Анатолий Трушкин - О вечном: о любви, о воровстве, о пьянстве...
Возвращаться нельзя – удачи не будет. Отрядили шесть человек. Через сколько-то бегут они с гробом.
Только тронулись – свадьба навстречу! Кто свадьбе попадется на пути, того останавливают, и он должен выпить за здоровье молодых. Обязательно!
У нас все выпили, даже дядя Коля из гроба поднялся – выпил, а то ни за что не пропустят – обычай такой.
Ага, выпили все – тут кладбище. Жена сразу заголосила: «Заройте меня вместе с ним!» Обычай такой. Но зарывать необязательно. И когда землю стали бросать, она сама побыстрее отошла. А то у нас был случай – хоронили дядю Витю, а зарыли дядю Сашу, он поскользнулся, а все на поминки торопились.
А почему торопились? Другой случай был. Когда дядя Сережа помер в городе в буфете, его – в морг, жене – телеграмму. Жена корову продала, чтобы поминки справить, стол накрыла, поехали все в город за дядей Сережей. А он продышался в морге, вылез через окошко – домой скорее. Прибегает – никого нет, полон стол выпивки, а он три дня не евши, не пивши.
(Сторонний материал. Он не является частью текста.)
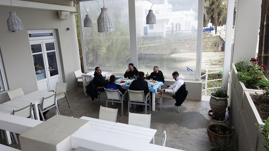 Και το πιο εντυπωσιακό: με κύμα και βοριά ο Νικόλας στα Γυάλια, αν και εξοχικός ήταν και ανοικτός κι είχε τρεις-τέσσερις παρέες! Δευτέρα μεσημέρι! Με βοριά και με μποφόρια καλοτρώγανε τ΄ αγόρια! Όχι παίζουμε. Φωτογραφίσαμε την παρέα των νέων που έμεινε περισσότερο. Άνετοι πίσω από την πλαστική κουρτίνα της κάτω αυλής να κόβει τον αέρα. Τελικά αν και αποκλεισμένοι δεν περνάμε άσχημα. Κι έπεται συνέχεια γιατί υπάρχει απαγορευτικό και την Τρίτη...
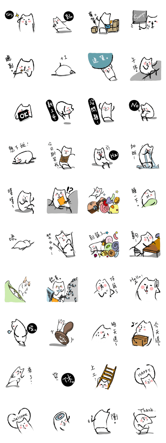 白ネコのあいうえお・・・ってるスタンプ

Ну вот мы все и торопились на поминки дяди Колины – мало ли чего.
Пришли – дяди Коли нет, слава богу. Стали поминать его добрым словом, чтобы ему на том свете было хорошо. Считается, что чем больше пьешь, чем тебе хуже, тем ему на том свете лучше.
Помянули, стали разъезжаться. Тут «на посошок» надо выпить – обычай такой. Если не выпьешь, до дома не доберешься, а если выпьешь, может, и доберешься.
Все выпили, дядя Петя не стал... он помер. Зеркало поднесли к губам – не понять, поднесли стакан водки – не берет!.. Помер, значит.
Сразу мы выпили с горя! Сели родню ждать. Тут гроб привозят.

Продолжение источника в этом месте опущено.